One of 2.3 children: "Can I have some Ginger Evans brownies with J. Huggs potato chips, Mom?"

Wife: "Finish your soft spread and party wings first, Timmy!"

"Which is which?"

Husband: "Damned if I know, Timmy, damned if I know!"

Everyone (except the dog, who's still cringing) "Ha ha ha ha ha!!!"

Ah, good, wholesome family times! And, with the money you save, Spam won't be only for Christmas! And speaking of Spam (and it's competitor, Treet) how many of us remember the days when Mom could feed the family Spam Loaf an' Mexicorn (They'll think you slaved for hours!
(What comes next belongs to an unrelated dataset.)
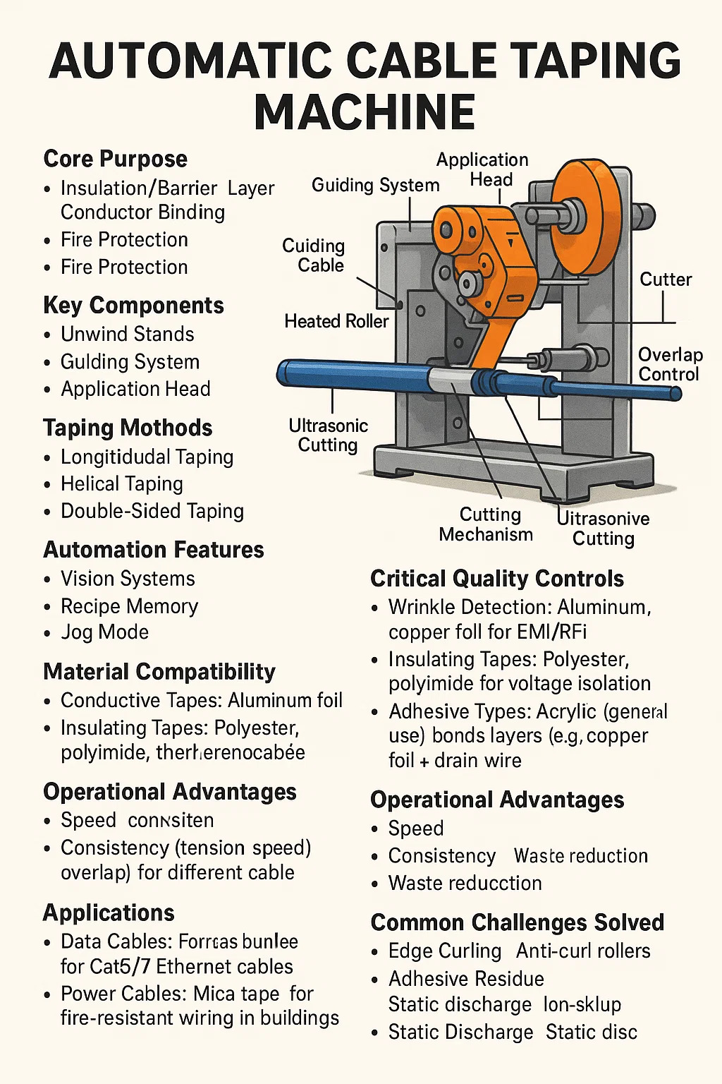 ان ماكينة ربط الكابلات الأوتوماتيكية تطبق الأشرطة أو الأفلام المدعومة باللاصق على الكابلات بدقة أثناء الإنتاج. وفيما يلي تفصيل لوظيفتها وميزاتها:

But all you did was put an unnaturally large lump of Spam in a casserole and spread some adulterated corn on it! Those martinis at the bridge club went down easy that afternoon, knowing your family would eat hearty!), TV Dinners (in pre-microwave metal trays), instant potatoes or rennet custard (if you don't know what "rennet" is, you're better off, trust me) without fear of a visit from Social Services? In those days, if it didn't shimmer, glow, have an "O" in it or come in a convenient package, it just wasn't "hep". America was WAY too busy to cook! Dad was climbing the gray flannel ladder, Junior and Sis were studying day and night to stay ahead of the Russkies and Mom, well, okay, Mom was still hanging around the house, but she just didn't want to waste time cooking the old fashioned way! Fast, convenient, artificial and misspelled, THAT was the modern way!
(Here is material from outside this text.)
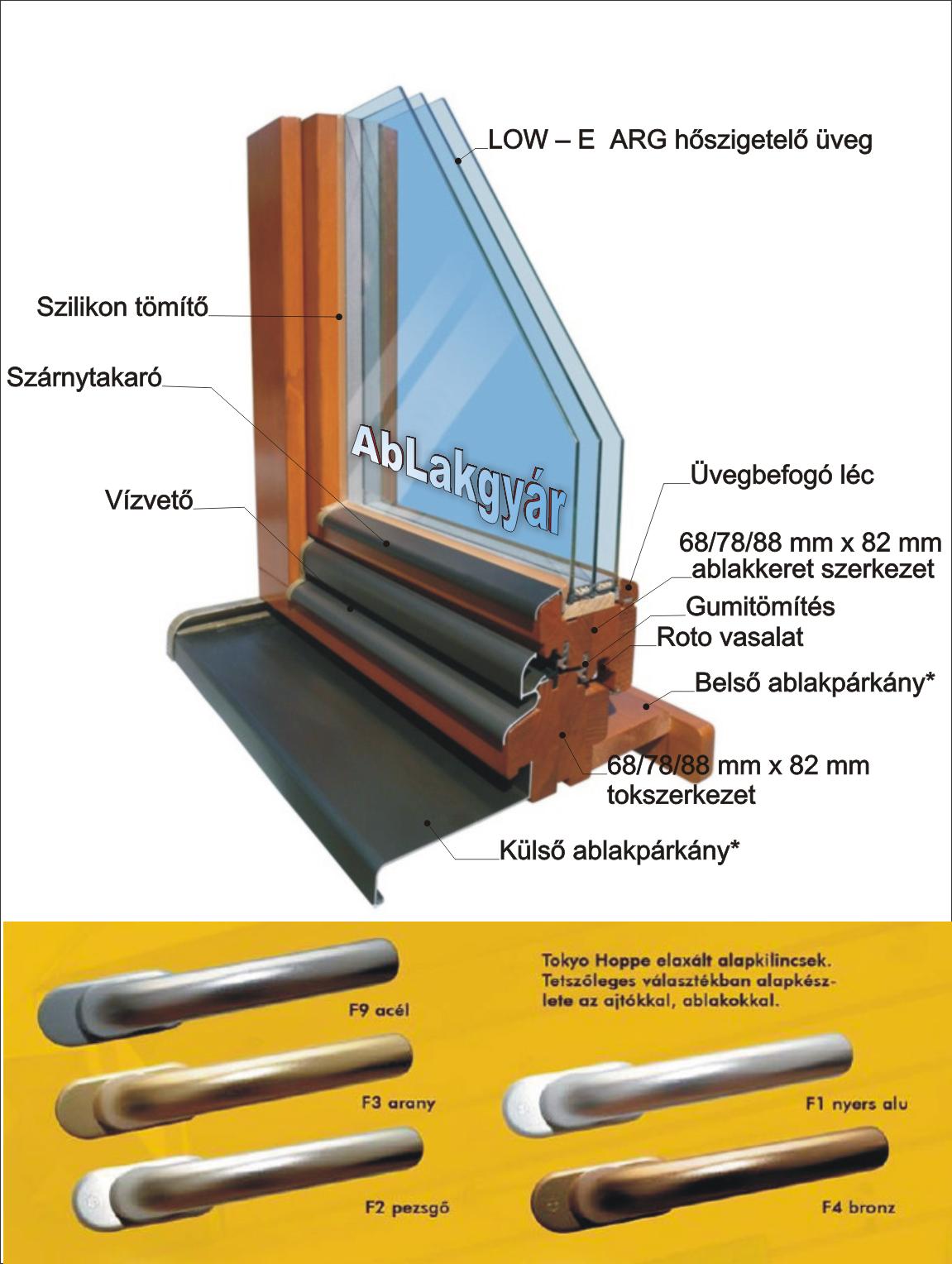 78 mm x 82 mm tokszerkezet hőhídmentes eloxált alumínium vízvetővel. (szín:alu. elox,bronz,arany) (Opció színterezés) 78 mm x 82 mm ablakkeret szerkezet 4 - 12 - 4 - 12 - 4 LOW - E ARG 0,7 kW / m2 hőszigetelő üveggel ,

Husband: "MMM, honey! This Spam Loaf an' Mexicorn is delicious! I'll bet you slaved all day!"

Wife: "Thanks, dear! It only LOOKS complicated! I was able to make dinner, do the laundry, make Junior a new Scout uniform, knit the dog a new bed, help Sis with her Home Ec project and STILL have time to dry clean all your pipe cleaners!"

Junior: "Can I have some Treet, Neek, Faab and Bliiz, Mom?"

Wife: "Finish your Bleet and Sack O' Sacchrine first, Junior!"

"Junior: "Which is which?"

Husband: "Damned if I know, Junior, damned if I know!"

Everyone: "Ha ha ha ha ha!!!"

Sis: "How come I don't have any lines?"

"Hell's Chili" would be a good title for the Stephen King book. I reserve first dibs on the screenplay.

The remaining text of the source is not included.